Attention, essai de concentration .....rrrrr....


Non pas possible, je fonds pour les chatons !! J'ai vu le mien ce week-end en plus, alors tu parles...


Bon, seconde lecture, second essai.... rrrrr....



Anouchka 30/06/2010 19:16



Ah oui, difficile de résister aux chatons ! ;)



Tulisquoi 28/06/2010 19:03



je crois l'avoir commencé alors que je venais d'acheter l'hébergement pour le nouveau site... je devais avoir autre chose en tête ;)
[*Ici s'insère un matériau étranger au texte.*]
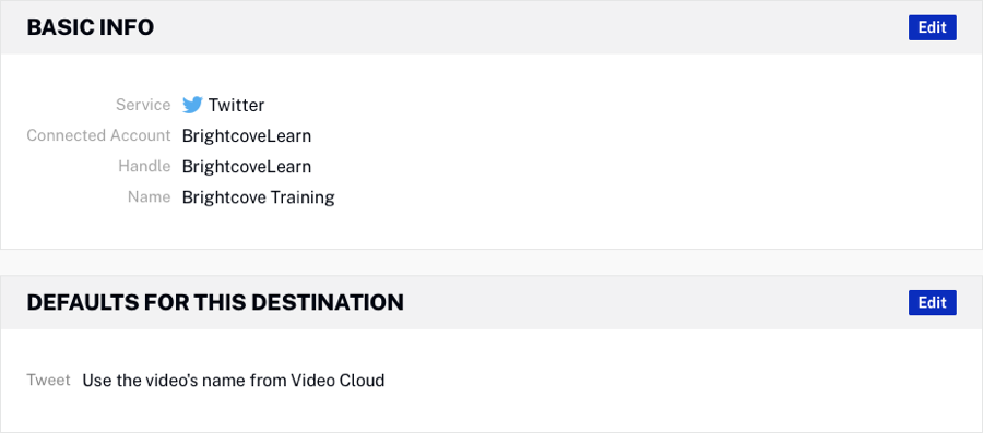 ソーシャルプラットフォームに動画を公開するときに、送信先のデフォルト値がデフォルトの動画プロパティとして使用されます。Twitter宛先の公開のデフォルトを設定するには、送信先の名前をクリックし、「この宛先のデフォルト」セクションで「編集」をクリックします。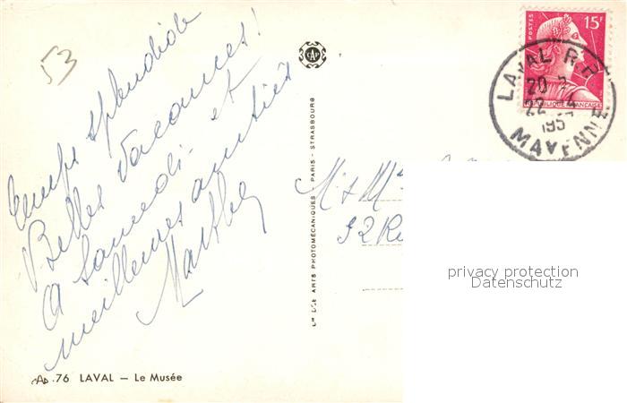 13533720 carte postale Laval Mayenne Musee postalisch gelaufen Erhaltung siehe scans [LiesaD40] KatCode: 11170053253130

Tulisquoi 28/06/2010 18:38



C'est bien ce que je pensais : je suis passée à côté de ce livre. je ne me rappelle même pas ces histoires... A relire à un autre moment je pense...



Anouchka 28/06/2010 18:46



Oui, peut être que tu ne l'as pas lu au bon moment !



flou 28/06/2010 14:03



toujours rien lu de cet auteur... qui m'interpelle pourtant de plus en plus à chaque critique lue... (les chats ont l'air motivés en plus!)



Anouchka 28/06/2010 14:48



Oui les chatons adorent poser pour des photos ! :)


Sinon je pense que cet auteur vaut le détour, je vais d'ailleurs maintenant lire "Le vieux qui lisait des romans d'amour", sûrement son livre le plus connu !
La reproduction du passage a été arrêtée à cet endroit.